This is the first time in a long time the Air Force has utilized Fort Hood's range for live fire training ...calling in F-16's from DFW and dropping bombs.
"In order for us to be at our absolute best, we need to get the most realistic training we can to prepare for that," LTC Frank Biancardi, the Squadron Commander for the 11th Air Support Operations Squadron, said.
In a combat zone, soldiers in the Army work alongside a joint terminal attack controller, or JTAC, when they need air strikes to destroy the enemy, helping the Army accomplish their mission.
"We work very hard to be that responsible party who can take Air Force capabilities and work that into the Army's scheme and maneuver," LTC Biancardi added.
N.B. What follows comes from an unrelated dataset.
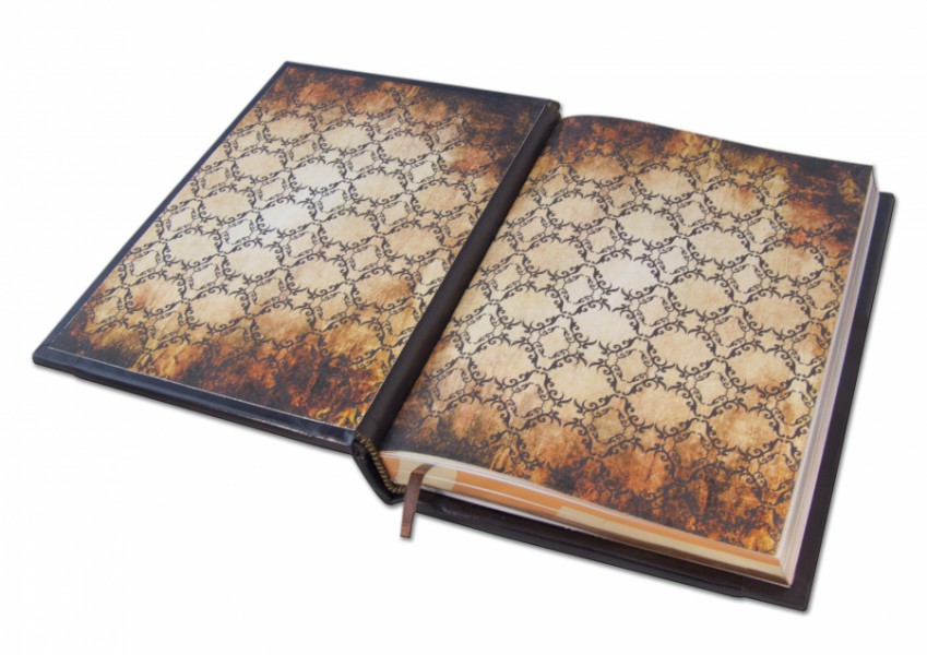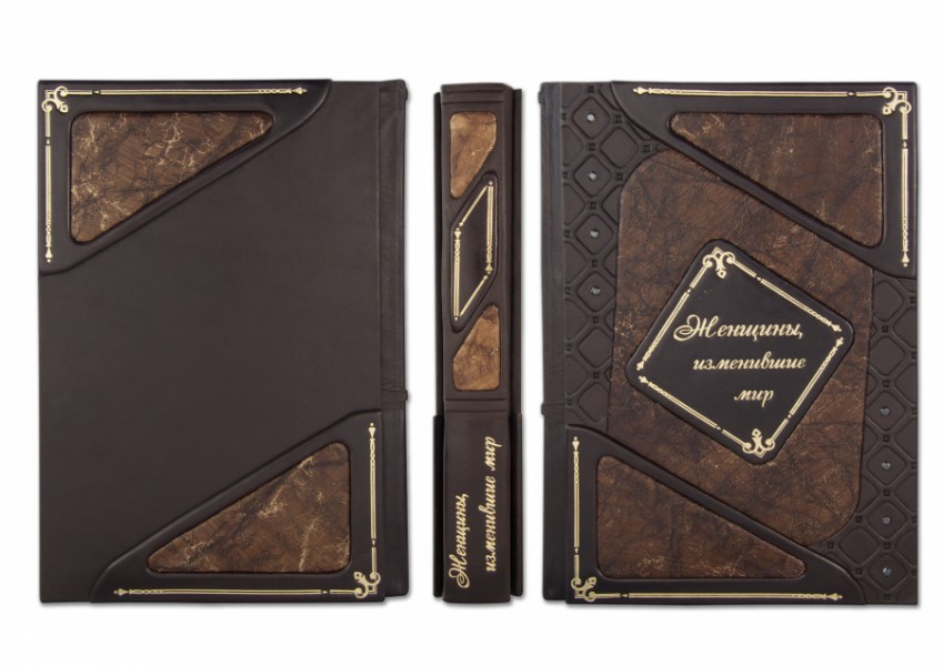 Французька складова палітурка ручної роботи виконана з комбінації натуральних шкір (шкіра теля «Maronne Zegna», шкіра маррокен «Patina agata», шкіра «Robbat maronne» виробництва італійської шкіряної фабрики «Benericetti»).
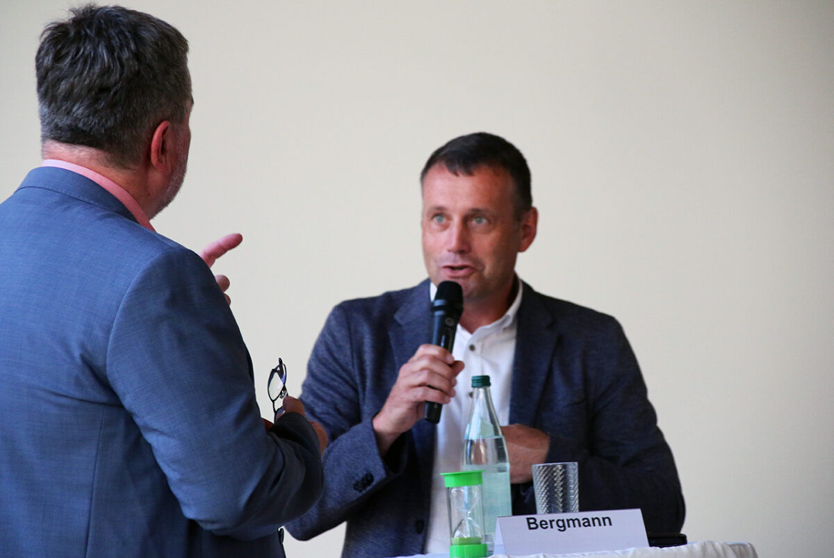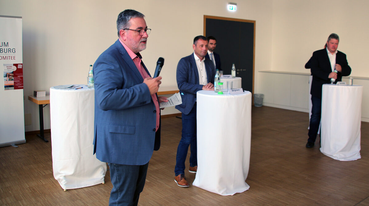 Antreiber der rasanten Runde ist Richard Wittmann, Leiter der Fachstelle Betriebsseelsorge beim Bistum Regensburg, der als Stichwortgeber das Herrenquartett ohne Dame moderiert – die Grüne Kandidatin Anna Schwamberger ist verhindert. „Gegrillt wird hier niemand“, versichert der Experte für Katholische Soziallehre den Teilnehmern einen zivilen Charakter der Veranstaltung.

"It's where the green and blue sort of come in and merge together," SrA. Nicholas Ward of the 11th Air Support Operations Squadron said.
The JTAC will call for air support, speaking directly with the pilots, to coordinate the dropping of bombs or other ammunition at a specific target.
"The ground force commander would give us a, basically a target he wants us to neutralize, and we would work up the best effects that would meet his intent," SrA Ward added.
While the 11th Air Support Operations Squadron trains as a unit, they deploy attached to Army units as individuals.
"We have 18-year-olds all the way through experienced Master Sergeants, Senior Master Sergeants and Chiefs that will go by themselves within a U.S. Army unit and they will be that sole individual that represents the air power for the Air Force," LTC Biancardi said.
The Air Force will continue with their training for the next couple of days.